▸ Input data:
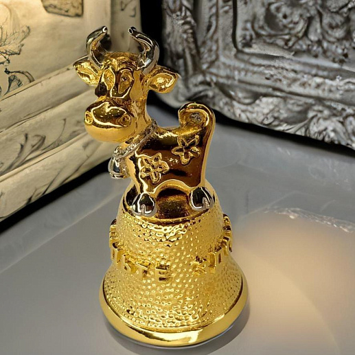Встречайте новогодние праздники с особым шармом! Новогодний колокольчик Будьте здоровы — это не только прекрасный подарок для близких, но и символ богатства, здоровья и процветания на Вашем праздничном столе. Наш колокольчик изготовлен из прочной бронзы с золочением, что придает ему особенный, утонченный блеск. На колокольчике вы найдете надпись Будьте здоровы и прекрасно выполненную статуэтку быка — символа наступающего 2021 года по восточному календарю. Его присутствие призвано привлечь счастье, здоровье, любовь и богатство в ваш дом.
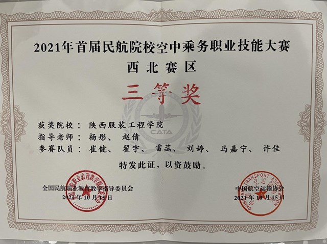 陕服新闻网讯(左菊香)2021年10月15日,我校服装学院空中乘务专业在2021年首届民航院校空中乘务职业技能大赛中荣获团体三等奖。本次大赛为全面贯彻习近平总书记在全国职业教育大会上对职业教育工作的重要指示精神,落实民航局党组对专业人才培养的要求,进一步推进院校民航空中乘务专业建设,以赛促教、以赛提质、以赛培优。协会拟在全国民航职业教育教学指导委员会的指导下,举办2021年首届民航院校空中乘务职业技能大赛。
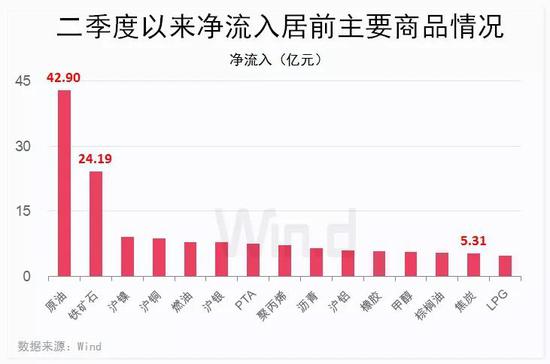资金方面,Wind梳理显示,二季度以来,按最低保证金比例计算,国内商品净流入规模已达172.91亿元。其中,原油品种净流入规模42.90亿元,高于榜首,铁矿石则以24.19亿元的净流入规模紧随其后。
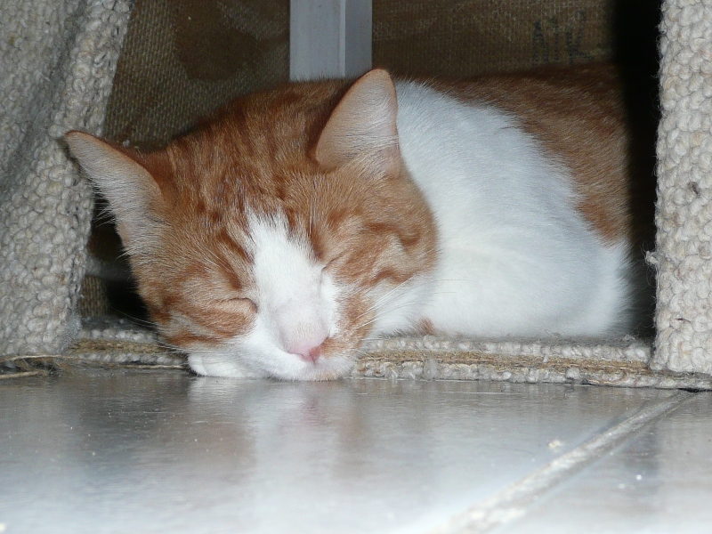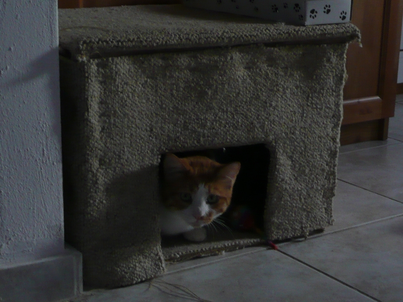 Ο Ρού μου, αυτός ο απόλυτα ήρεμος και αγαθός γατούλης γίνεται τίγρης μόλις πάει κάποια από τις κυρίες να μπεί στο ... σπίτι του. Η Κείρα και η Πούνκη το γρατσουνάνε και σκαρφαλώνουν πάνω του αλλά μέσα δεν μπαίνουν πια.Κι εγώ είμαι μέσα στην καλή χαρά που επιτέλους ο Ρού βρήκε ένα μέρος να γλυτώσει απο τις ξαφνικές επιθέσεις που τον τρομάζουν γιατί δεν ακούει. Στο σπίτι του ξαπλάρει την κορμάρα του, βγάζει το κεφάλι του έξω και κρύβει τα παιχνίδια του.

▸ To do:
Would you please write out exactly the lines between the line containing "陕服新闻网讯(左菊香)202" and the last line of the listing above, inclusive, without pictures?

▸ Exercise output:
 陕服新闻网讯(左菊香)2021年10月15日,我校服装学院空中乘务专业在2021年首届民航院校空中乘务职业技能大赛中荣获团体三等奖。本次大赛为全面贯彻习近平总书记在全国职业教育大会上对职业教育工作的重要指示精神,落实民航局党组对专业人才培养的要求,进一步推进院校民航空中乘务专业建设,以赛促教、以赛提质、以赛培优。协会拟在全国民航职业教育教学指导委员会的指导下,举办2021年首届民航院校空中乘务职业技能大赛。
资金方面,Wind梳理显示,二季度以来,按最低保证金比例计算,国内商品净流入规模已达172.91亿元。其中,原油品种净流入规模42.90亿元,高于榜首,铁矿石则以24.19亿元的净流入规模紧随其后。
 Ο Ρού μου, αυτός ο απόλυτα ήρεμος και αγαθός γατούλης γίνεται τίγρης μόλις πάει κάποια από τις κυρίες να μπεί στο ... σπίτι του. Η Κείρα και η Πούνκη το γρατσουνάνε και σκαρφαλώνουν πάνω του αλλά μέσα δεν μπαίνουν πια.Κι εγώ είμαι μέσα στην καλή χαρά που επιτέλους ο Ρού βρήκε ένα μέρος να γλυτώσει απο τις ξαφνικές επιθέσεις που τον τρομάζουν γιατί δεν ακούει. Στο σπίτι του ξαπλάρει την κορμάρα του, βγάζει το κεφάλι του έξω και κρύβει τα παιχνίδια του.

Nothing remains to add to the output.